After rick quit his job to care for Savannah, and the medical bills piled up. money was tight.
"When it comes to your children, you just don't care. You give it all. So here goes the savings, there goes the IRA -- his, mine," Bonne said.
Everything was gone," said Rick. "We even at one point sold our wedding bands."
Savannah could tell.
Bonnie said her daughter asked her parents about why they had no money. "How can I ever repay all of what you guys have sacrificed to give me a chance at a good life?" Bonnie recalled her saying.

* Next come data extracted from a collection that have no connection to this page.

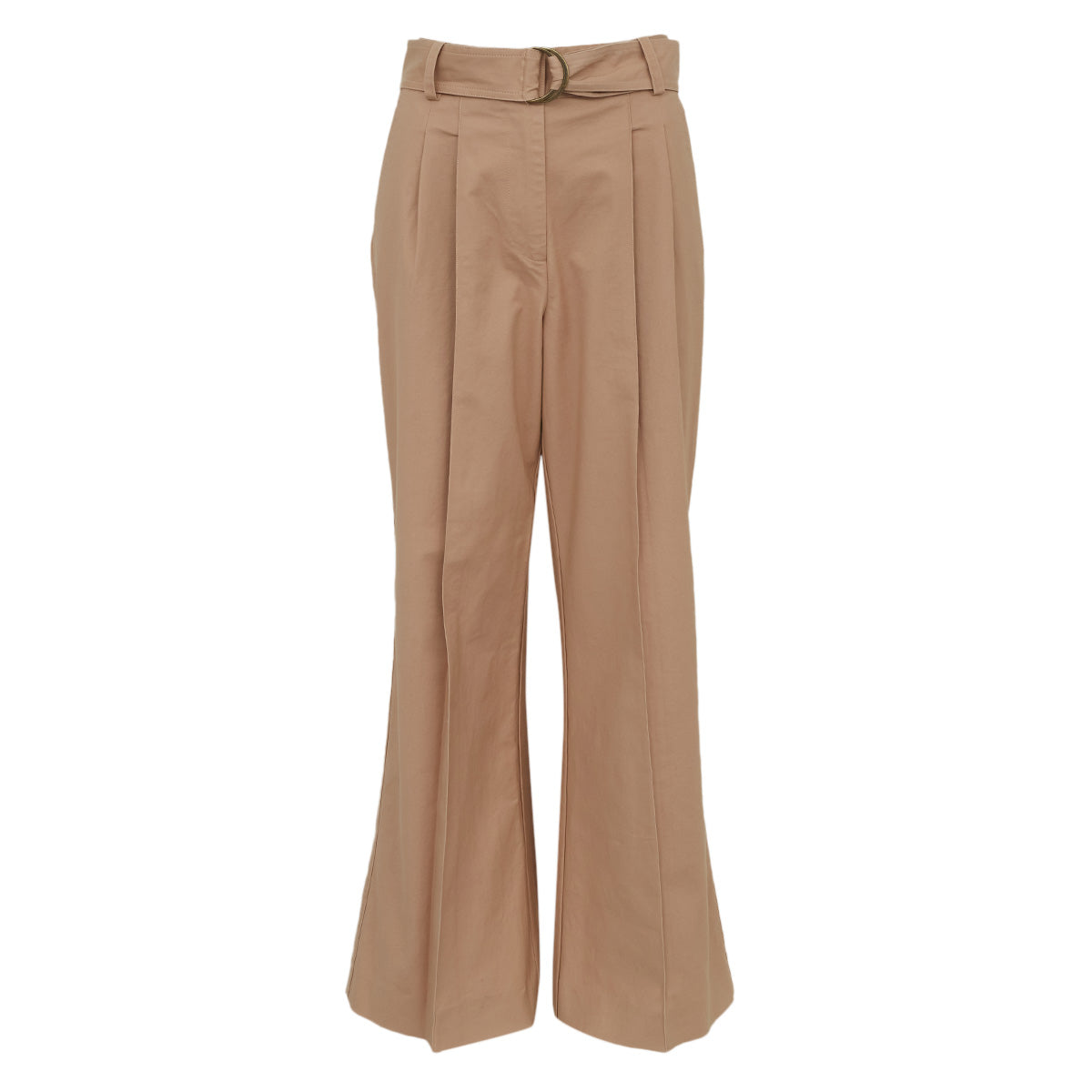 Detalhes: Calça Ulla Johnson confeccionada em tecido na cor nude. Possui modelagem flare e dois bolsos laterais frontais e dois traseiros fakes, detalhes de pregas e cinto na cintura. Fechamento por zíper e colchete.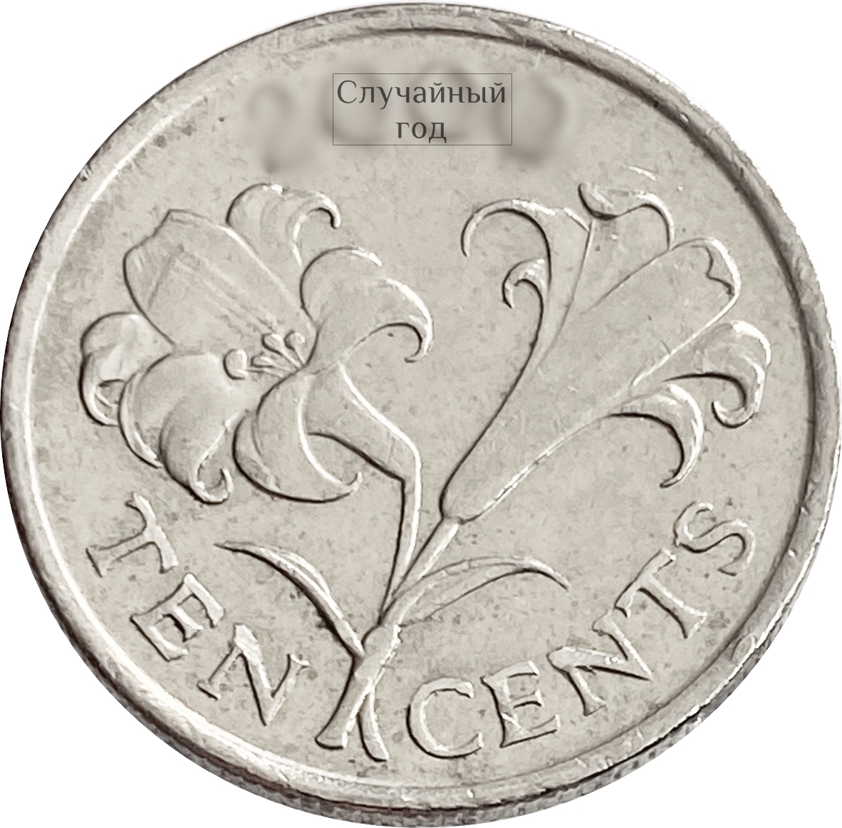 Реверс: в центре изображен цветок. Снизу указан номинал прописью: "TEN CENTS". Сверху расположен год чеканки.
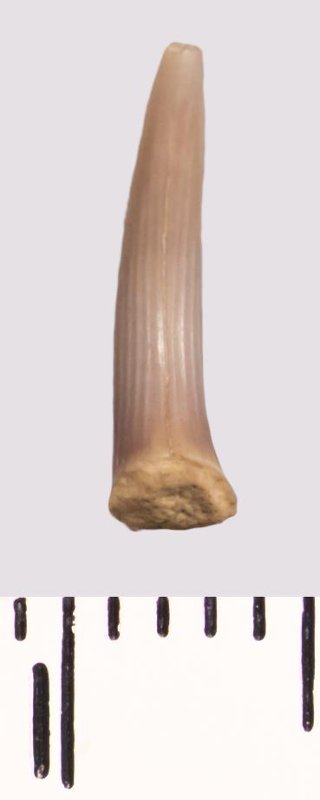 Зуб (фрагмент). Акула. Scapanorhynchus raphiodon (Agassiz, 1843). Классификация: Хордовые Chordata, Позвоночные Vertebrata, Хрящевые рыбы Chondrichthyes, Пластиножаберные Elasmobranchii, Акулы Selachii, Ламнообразные Lamniformes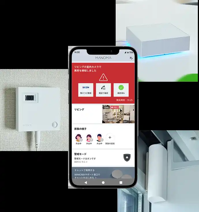 MANOMAは、「セキュリティ」「見守り」「オートメーション」に家事代行などの「家ナカサービス」を加えた、ライフスタイルに新たな体験価値を提供するスマートホームサービスです。ソニーのIoT機器とスマートフォンを組み合わせることで、お家の便利・安心・快適をサポートします。 |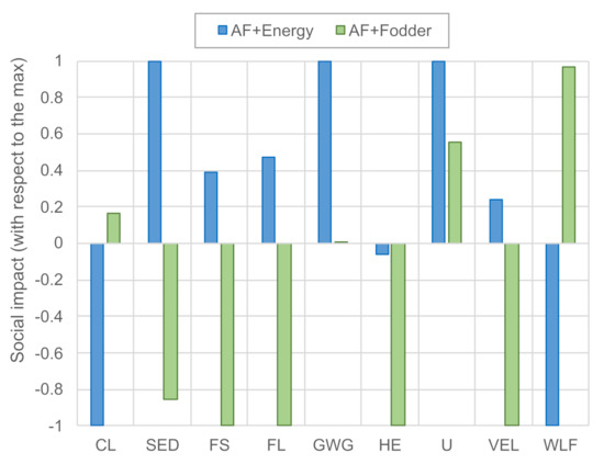 Social life cycle impacts of the AF + energy and AF + fodder systems. Scores are normalized by the highest absolute score in each impact category. Abbreviations: CL—Child Labor; SED—Sector contribution to Economic Development; FS—Fair Salary; FL—frequency of Forced Labor; GWG—Gender Wage Gap; HE—Health Expenditure; U—Unemployment; VEL—Violations of Employment Laws and regulations; WLF—Women in the sectoral Labor Force. Note that SED is the only positive indicator (higher is better), and all other indicators should be interpreted as “lower is better”.

Last August, Savannah died suddenly of a seizure.
Still grieving, Rick began buying four lottery tickets a week. A month ago, Bonnie got sick of watching the the tickets collect dust in a cookie jar and told Rick to get the tickets checked, or she'd toss them.
The first ten were losers. The eleventh, three bucks. But the next was worth $4.8 million.
Rick and Bonnie are convinced it's Savannah repaying them
"I would imagine that the second she that she took her last breath, and I delivered her to God, and God grabbed her hand, she was immediately nagging him about start doing something for them," they said.
The first installment check came the day after Mother's Day. Another will come every February.
"We have 26 years of knowing that every year, on Savannah's birth month, our gift is there," Rick said.
"For me the real win is that I don't have to pack up my daughter's room, that her existence won't be confined to a box marked 'Savannah's room.'"
Some people would call them lucky, but the Cereno's know they've been given a gift.